Plain text verification: After generating resume.tex, verify that all meaningful content is conveyed through text, not through visual layout alone. Check that: (1) no critical information relies solely on bold/italic/positioning to convey meaning, (2) all special characters render as readable text when LaTeX formatting is stripped, and (3) acronyms are expanded at least once so ATS can match both forms.
Step 11: Cover Letter (Optional)
After generating the tailored resume, offer to write a cover letter if the user provided a JD. Skip this step if the user only asked for a resume.
When to offer: Always ask after completing the resume. Cover letters are most valuable for entry-level candidates and career changers — see references/cover-letter.md for guidance on when they matter.
Process:
- Follow the four-paragraph structure from
references/cover-letter.md - Map the candidate's top 2-3 experiences to JD requirements (reuse the gap analysis from Step 5)
- Use the same keywords identified in Step 2
- Address gaps identified in Step 6 where the mitigation strategy was "mention in cover letter"
- Never fabricate — the same critical rule applies. Only reference real experiences from the master resume
Output: Save as cover-letter.md in the same output directory. Use Markdown (not LaTeX) since cover letters don't need the fed-res.cls formatting.
hojicha/<company>-<role>-resume/
notes.md # Analysis and tailoring decisions
resume.tex # Tailored resume
cover-letter.md # Cover letter (if requested)
Quick Reference
Output Directory Convention
hojicha/<company>-<role>-resume/
Examples:
hojicha/kronos-research-ml-researcher-resume/hojicha/grab-data-engineer-resume/hojicha/stripe-backend-engineer-resume/
XYZ Formula
Accomplished [X] as measured by [Y], by doing [Z]
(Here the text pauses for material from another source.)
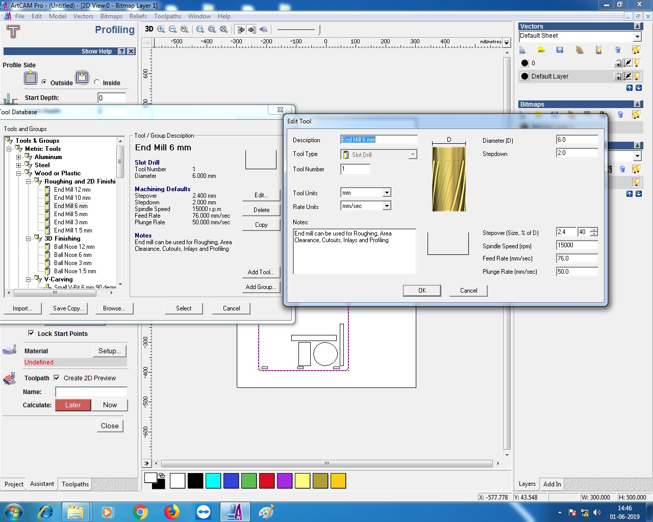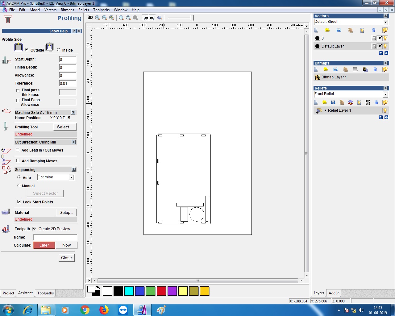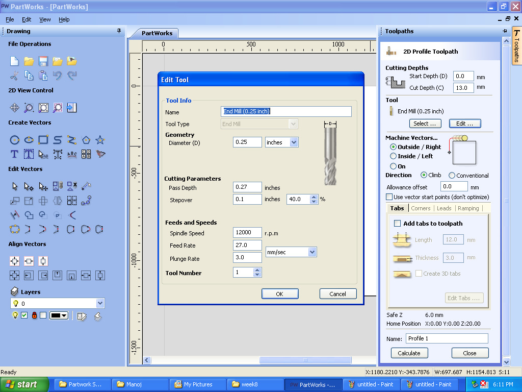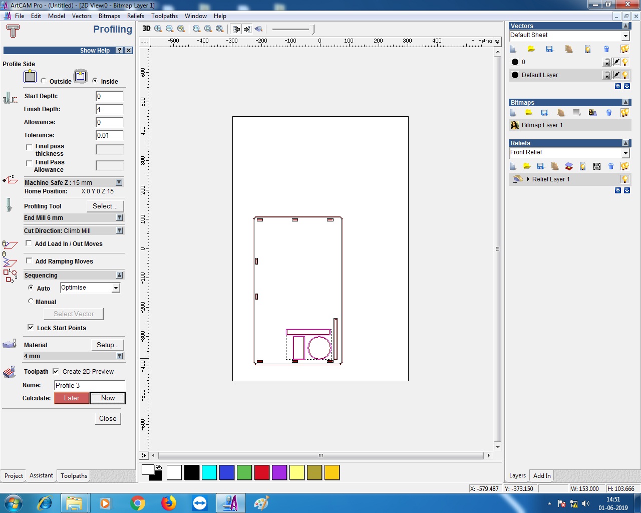 Making another profile for toolpath. And also did the for milling Bit selection for inside profile.
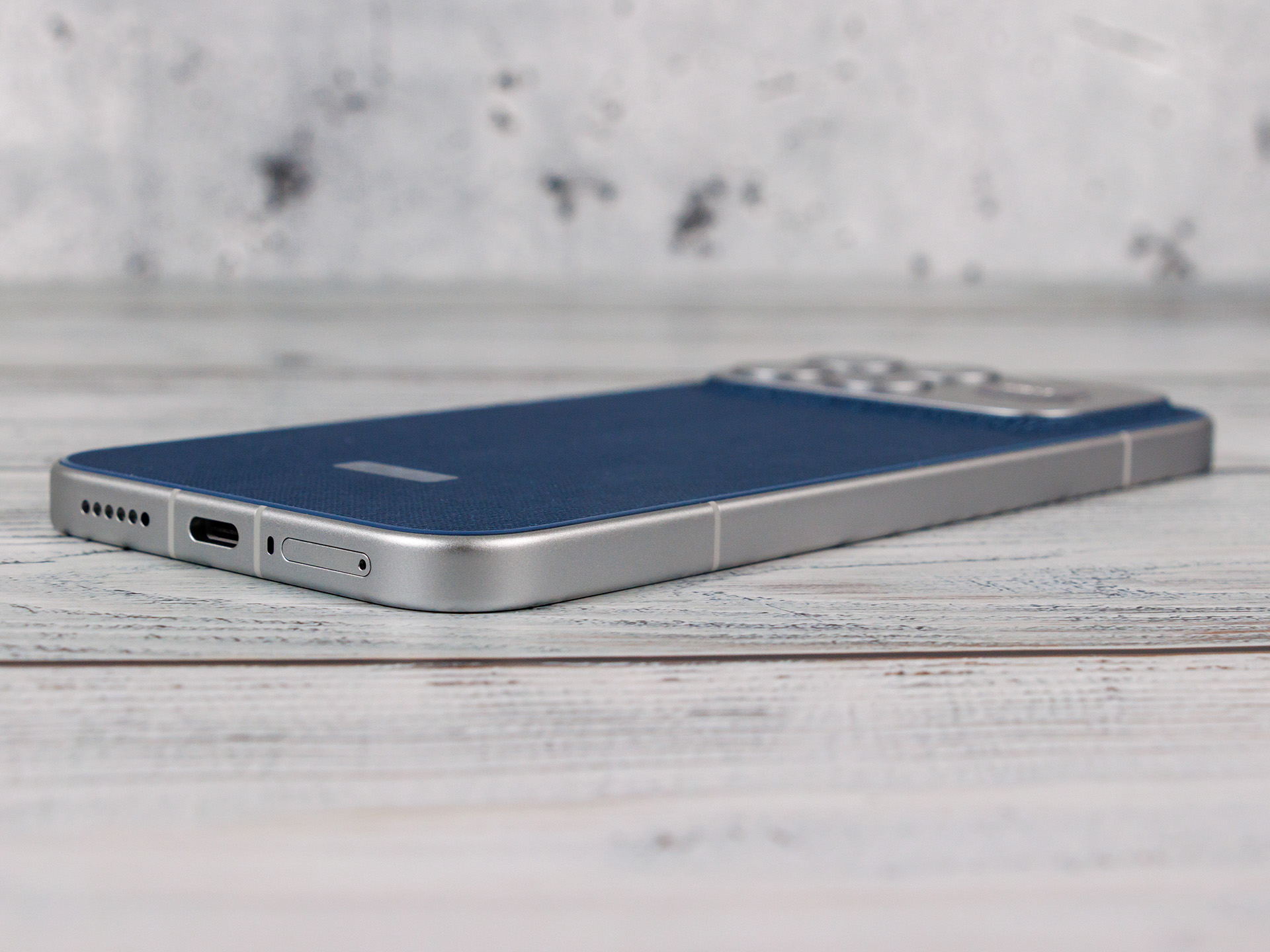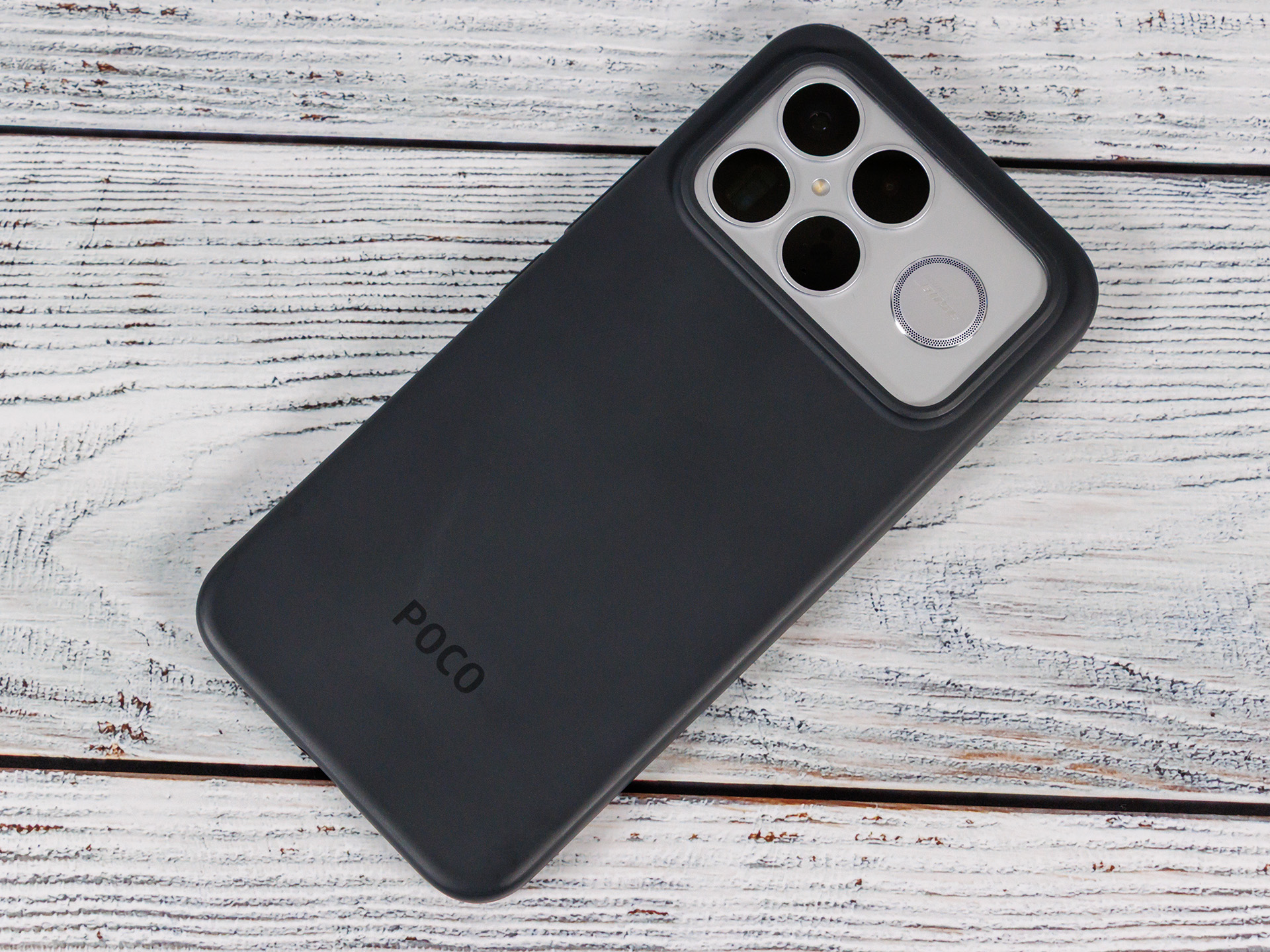 Build quality appears high overall. The denim-style rear panel features a coarse texture and offers very good grip, although it feels more rubber-like than fabric-like to the touch. Panel gaps are tight and even, and the smartphone exhibits only minimal creaking when subjected to torsional stress. In addition, the device is certified to the IP68 standard, making it resistant to both dust and water. The front is protected by Poco's in-house Poco Shield Glass.

See references/xyz-formula.md for full methodology.
fed-res.cls Commands
| Command | Usage |
|---|---|
\resumeSubheading{Org}{Loc}{Title}{Date} | Experience/education entry |
\resumeItem{text} | Bulleted item |
\resumeSubHeadingListStart/End | Wrap subheading groups |
\resumeItemListStart/End | Wrap bullet lists |
\resumeProjectHeading{Title | Tech}{Date} | Project entry |
See references/latex-commands.md for the full reference.